** Task material follows **

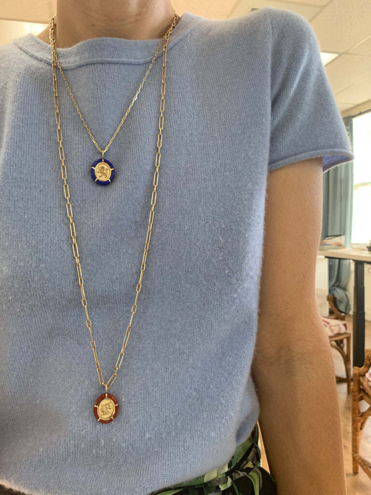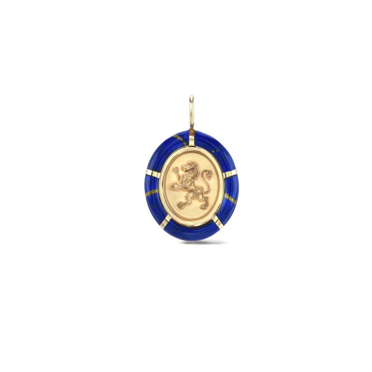 This charm is solid 14k yellow gold and hand cut natural Lapis. The pendant features an oversized bale to fit most chains. Please inquire for dimensions.
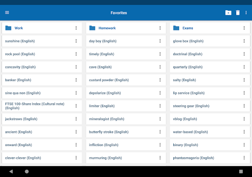• Designed to give you the freedom to structure your studies the way you see fit the 'Favorites' option allows you to create custom folders with lists of words from the vast library of entries
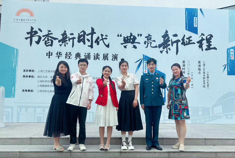 为深入学习贯彻党的二十大精神,培育和践行社会主义核心价值观,传承和弘扬优秀传统文化,传承国学经典,2023年6月9日,上海工艺美术职业学院主办的“书香新时代 ‘典’亮新征程”中华经典诵读展演活动在嘉定校区大礼堂隆重举行,我院受邀表演节目《用青春拥抱新的春天》。
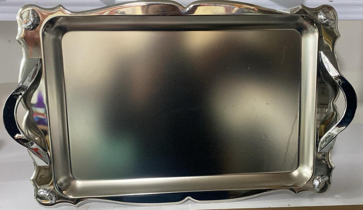 بدنه این سینی از فلز با کیفیت بالا با آبکاری براق ساخته شده است که مانند آینه نور را منعکس میکند. لبههای کنگرهدار و منحنی سینی، تضاد زیبایی با فرم مستطیل آن ایجاد کرده و به آن هویتی کلاسیک-مدرن بخشیده است. دستههای کشیده و صیقلی این مدل، نه تنها مکمل زیبایی آن هستند، بلکه با طراحی ارگونومیک خود، جابهجایی ظروف را بسیار ایمن و راحت میسازند.
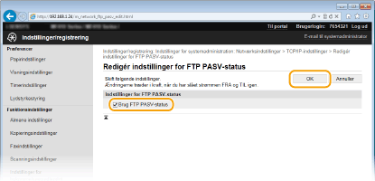 Klik på [Rediger] i [Indstillinger for FTP PASV-status].

** End of Task material **

Your assignment: Pictures appear in the records above. Output everything except them, exactly.

Answer section:
 This charm is solid 14k yellow gold and hand cut natural Lapis. The pendant features an oversized bale to fit most chains. Please inquire for dimensions.
• Designed to give you the freedom to structure your studies the way you see fit the 'Favorites' option allows you to create custom folders with lists of words from the vast library of entries
 为深入学习贯彻党的二十大精神,培育和践行社会主义核心价值观,传承和弘扬优秀传统文化,传承国学经典,2023年6月9日,上海工艺美术职业学院主办的“书香新时代 ‘典’亮新征程”中华经典诵读展演活动在嘉定校区大礼堂隆重举行,我院受邀表演节目《用青春拥抱新的春天》。
 بدنه این سینی از فلز با کیفیت بالا با آبکاری براق ساخته شده است که مانند آینه نور را منعکس میکند. لبههای کنگرهدار و منحنی سینی، تضاد زیبایی با فرم مستطیل آن ایجاد کرده و به آن هویتی کلاسیک-مدرن بخشیده است. دستههای کشیده و صیقلی این مدل، نه تنها مکمل زیبایی آن هستند، بلکه با طراحی ارگونومیک خود، جابهجایی ظروف را بسیار ایمن و راحت میسازند.
 Klik på [Rediger] i [Indstillinger for FTP PASV-status].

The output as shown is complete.